Voltemos a Enuma elis.Com o nascimento dos deuses no seio do caos, surge
no mundo um novo princípio: o movimento, a atividade. Os novos seres são muito
diferentes das forças do caos, que representam o repouso e a inatividade. Seguindo
um traço peculiar do pensamento criador de mitos, este conflito ideal entre a
atividade e a inatividade adquire uma forma concreta em uma situação peculiar: os
deuses se reúnem a dançar.
Os divinos companheiros se reuniram em multidão e
Surgiram turbulentos de todas as partes, perturbando a Tiamat
Perturbando as entranhas de Tiamat,
Dançando em seu seio onde se estabeleceu o céu,
Apsu não pode dominar seu clamor,
E Tiamat guardava silêncio...
Porém detestava seus atos
E não pareciam suas maneiras...

O conflito se manifestou. A primeira potência do caos que rompe abertamente


com os deuses e seus novos costumes é o Apsu.
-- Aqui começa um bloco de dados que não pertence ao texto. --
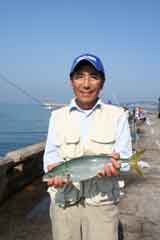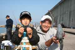 釣果のほうは、紀州釣りでチヌ・グレが、遠投カゴ天秤仕掛では、ハマチやサワラなどの青物が竿をひぱり、岸壁際を探れば20cm弱のカワハギやガシラの姿が、サビキ釣りでは、25cmを越えるアジが数釣れ、波止の上は色んな魚で賑わった。
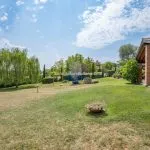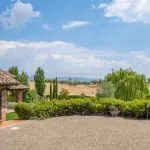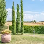 This modern country home in Italy for sale is located in the hills near Monte San Savino and Arezzo. Built in 2013, the semi-detached property measures 136 m² and is move-in ready. It is surrounded by a private 3,600 m² landscaped garden with olive trees, a vegetable plot, automatic irrigation, and perimeter hedging.

Então, Apsu, o criador dos grandes deuses,


Chamou a seu servo, Mummu, dizendo-lhe:
“Mummu, meu servo, que alegra meu coração;
Vamos até Tiamat”.
Foram, e sentados diante de Tiamat,
Pediram-lhe conselho acerca dos deuses, seus primogênitos.
Apsu começou a falar,
Dizendo a pura Tiamat:
“Seus costumes me parecem detestáveis.
Não me é possível descansar ao dia, nem dormir a noite.
Acabarei com seus costumes, sim, os destruirei,
Para que a paz possa reinar de novo e possamos dormir.”

Estas notícias provocaram a consternação dos deuses. Davam voltas sem


sentido e acabaram parando, guardando o silêncio que produz o desespero.
Somente um, o sábio Ea-Enki, permanece imperturbável ante esta situação.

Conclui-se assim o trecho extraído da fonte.